Мне вдруг стало хорошо. В одиночку плохо, вдвоем лучше, а когда втроем – иногда бывает совсем хорошо.
– Салфетку дать? – осведомился Миронов.
– Зачем?
– Чего-нибудь протрешь.
Я глубоко вдохнул и выдохнул.
– Все видел. Везде был. Все про людей знаю. Но живого подпольщика не видел.
Моряк покачал головой, посмотрел на Миронова и сказал:
– Опять он за свое.
Миронов развел руками.
– Да. Поза ветерана. А ты думал, что наш босс две не13 дели отдохнет – и изменится?
– Вы о чем?
– О том, что тебе надо прекращать.
– Что прекращать?
– Думать, что ты ветеран всего на свете. «Везде был, все видел» – хватит этого. Скажи, ты до сих пор с собой йод носишь?
Я достал из кармана пузырек, протянул. Миронов отвинтил крышку, потянул носом.
– Больницей повеяло. Родной травматологией города Западная Двина. Я там полгода провалялся. – Миронов еще раз поднес склянку к ноздрям. – Ты говоришь, что все видел. Тюрьма, Чечня, страсти, предательства – круто, Андрей. Но скажи мне вот что: ты знаешь, что это такое, когда ныряешь в воду, и тебя засасывает в трубу коллектора, и гонит по бетонным трубам пятьдесят метров, а с обратной стороны труба извергает водопад, внизу – голые острые камни, и ты, в узел завязанный, – Миронов вывернул локти и шею, – вываливаешься из этой трубы... А там – рыбаки сеть раскинули, и ты в эту сеть заместо рыбы падаешь, с восемью открытыми переломами, и именно эта сеть блядская спасает тебе жизнь?
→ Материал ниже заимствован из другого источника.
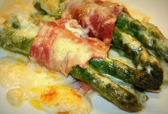 2. Hacemos manojos de 4 espárragos cada uno y los envolvemos con jamón (tal como se ve en la foto)

А потом лежишь в гипсе с ног до головы, шесть месяцев, и врачи тебе – тринадцатилетнему – говорят, что ты никогда не сможешь бегать и прыгать? И даже, может быть, ходить? Что быть тебе калекой, инвалидом, хромым уродом? Ты видел свою ногу, синюю, воняющую гноем, замкнутую в аппарат Илизарова?
– Нет, – сказал я. – Этого не видел.
– Значит, ты не все видел. А вот напротив тебя сидит Саша, – тут Саша помахал мне рукой, а Миронов опять занюхал йоду, – он служил в десантуре. Спроси его, что такое прыгать из самолета в четыре потока. Два потока из хвостового люка, один с правого борта и один с левого. Приземлились, а тебе говорят, что красивая местность вокруг тебя называется Нагорный Карабах. Потом выкатывают бобину электрического кабеля толщиной с черенок лопаты, нарезают этот кабель кусками в метр, дают тебе один кусок и приказывают идти усмирять армян и азербайджанцев, причем надо усмирить так, чтобы и тем и другим мало не показалось... Так ведь было, Саша?